Breaking the Bloody Mexican Drug Cartels

“When the Mexican legislature meets this fall, it is poised to pass a marijuana legalization bill. The legislation will legalize cannabis for all uses—recreational, medical, industrial—and will create a Mexican Cannabis Institute to grant licenses for the cultivation, processing, sale, import, export, and research of marijuana. The country’s president and ruling political party have both endorsed the initiative, and it has already been approved by three Senate committees.

The bill’s backers hope it will curb the influence of Mexico’s drug cartels. Marijuana accounts for upwards of half of the cartels’ revenues, which are estimated to range between $20 and $50 billion dollars annually.

The past year has been the bloodiest yet in Mexico’s war against the cartels. When security forces in the city of Culiacan tried to arrest the son of drug lord El Chapo Guzmán in October 2019, they found themselves outnumbered and outgunned by the Sinaloa Cartel. In June, gangsters ambushed Mexico City’s police chief with 400 rounds of ammunition from semi-automatic rifles; in July, cartel gunmen massacred 26 residents of a drug rehab center in Guanajuato.

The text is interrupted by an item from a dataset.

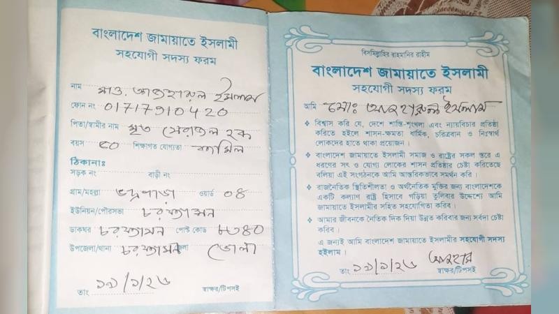 মঙ্গলবার (২০ জানুয়ারী) চরফ্যাশন পৌর জামায়াতের কর্ম পরিষদ সদস্য জয়নাল আবেদীন ভূইয়া বিষয়টি নিশ্চিত করেছেন। এর আগে সোমবার জামায়াতে ইসলামী'র দলীয় ফরম পূরণ করে তিনি দলটিতে যোগদান করেন।
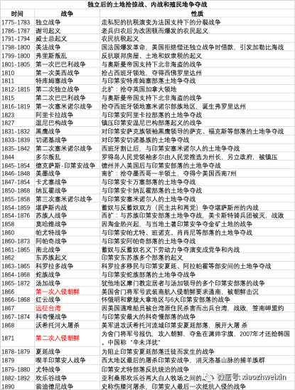 英法7年战争当然是表现为争夺殖民地的战争,延伸到美洲就是1754-1763的美洲殖民地争夺战,法国战败。通过第一次巴黎和约,法国割让了北美全部的殖民地。英国成功占领几乎整个北美。法国虽战败,可心里当然不服气。于是鼓动英殖民地的那些英国移民起来造反。殖民地当然有很多不太服从英国统治的刺儿头,尤其是那些正在绕开英政府从中国和印度搞走私贸易的走私犯们。双方一拍即合,这就有了所谓的独立战争。标志事件是走私犯们鼓动新格兰移民抢掠英国东印度公司的商船,将其茶叶倒入大海,上演了所谓“倾茶事件”,引发所谓独立战争。注意,那些所谓的美国开国先贤们,当初其实都是走私犯。所谓独立战争的本质,不应该叫独立战争,而应该叫分裂战争。如果是印度这样的英殖民地从英国统治下独立,这当然叫独立战争。可美国是英国自己的移民想从自己的祖国分裂出去,这怎么能叫独立战争呢?只能叫分裂战争。美国从英国分裂出去后,发生的战争可比英国多太多了。不仅对印第安人是无休止的杀戮和抢夺,对英国还占着的北美地盘也是不断地抢夺,对西班牙的地盘也丝毫没有客气。下表是美国从英殖民地分裂出去后,直至1890年的大约100年时间里发生的主要战争统计。一是美法战争。法国是美国独立战争的武器和资金援助者,可以说,凭当时英国的实力,没有法国的背后支持,美国独立几无可能。可是,法国因为同英国的7年战争以及支持美国独立战争而耗空了国库,导致国内民怨四起,在英国的撺掇下也发生了内乱,爆发了法国大革命(1789)。此时,当大力支持和援助了美国独立战争的路易十六向美国求援时,美国却充耳不闻,眼睁睁看着法王被送上断头台。新上台的法国政府向美国追债,美国同样拒绝还钱,理由居然是只向法王借过钱,没向新的法兰西共和国借过钱。于是双方也打了一仗。法国内乱不断,不能久战,让美国既赖掉了债务,又赢了战争。所谓第二次独立战争更有趣。分明是美国从英国分裂出去了,占了英国15个州的地盘,这美国人还不满意,趁英国忙于亚洲事务,在北美地区(加拿大地区)驻军少,又跑去抢英国人的地盘。结果英国人在加拿大民兵和印第安人的帮助下把美国人给打败了,最终总算是守住了今天加拿大那一块地儿。这印第安人为什么要帮助统治他们的英国而不帮助美国呢?原因就是英国对印第安人比美国人要好点。这种抢掠战争,居然会被称为“第二次独立战争”,有意思吧?美国人撒流氓是有历史的,可别小看了。所谓南北战争当然更有趣,只是我过去讲过很多次,在这就不多啰嗦了。简单点说,南北战争的实质是:流氓为夺取政治权力,扛起道德大旗,干了违背宪法的勾当,悍然发动了不义战争,最后居然还成了民族英雄式的伟大总统。要知道,在当时,蓄奴制度和公投独立都是受宪法保护的,南方各州并没有什么错。林肯代表北方工业基地的新兴资产阶级利益,想要抢夺南方的黑人劳动力,以解决工业劳动力严重不足的问题。扛着自由和人权的道德大旗,悍然发动内战,导致人口死亡超过5%,林肯其实犯下了滔天大罪。何况,林肯扛着反蓄奴的大旗,自己家里却也蓄有黑奴,这种为政治权力而不择手段的伪君子居然成了美国历史上最伟大的总统之一,实在就是一个笑话。美国历史上也曾入侵过台湾和朝鲜的,这一点估计很多人都不知道。至于美国入侵墨西哥,抢掠了墨西哥一半国土,成为了今天美国西南7大州,包括最富裕的加州,这点历史想必大家都知道的。千万别再说美国不曾侵占别人一寸土地了,历史事实可不是这样的。今天美国的大部分土地可都是侵占的。这里还不是全部,往后的历史中,还在继续侵占,我们往下看就知道了。至于美国独立后血腥而残酷地抢掠印第安人土地,屠杀印第安人的战争历史,上面其实也并非全部,只是很小一部分。因为太多,罄竹难书,我就不去罗列了。大家注意一个有趣的现象,今天我们耳熟能详的许多名词,比如阿帕奇、切诺基、纳瓦霍等,其实都是曾经被美国人消灭的印第安部落名称。美国人不忘历史,永远记得炫耀他们攻城掠地的伟大功勋。只不过,就如同“感恩节”的故事一样,他们的伟大里永远要将印第安人踩在脚下。他们记得“五月花号”到达普利茅茨后,饥寒交迫中曾经受到过印第安人的救助,终于有人存活了下来。但是,他们要通过“感恩节”来感恩上帝派人给他们送来了火鸡,而不是感恩印第安人送来了火鸡。这就是伟大的美国人,伟大的盎格鲁-撒克逊人。03

In the past decade, Mexico has suffered 250,000 homicides because of the drug war. Whole swaths of the country are now controlled by organized crime, including the states of Guerrero, Michoacan, Morelos, and Tamaulipas. The Jalisco New Generation Cartel (CJNG) has killed more than 100 officials in the state of Jalisco alone, including federal, state, and local policemen, soldiers, mayors, and city council members. In June, it killed a federal judge and his wife. A U.S. Army Intelligence report estimates that over a six-year period, 150,000 of the Mexican army’s 250,000 soldiers deserted, finding higher wages in the drug industry.”

“When Prohibition ended in 1933, so did much of the criminal violence that haunted the United States during the Prohibition era. Latin Americans have good reason to think the same thing will happen in their countries if they end narco-prohibition.”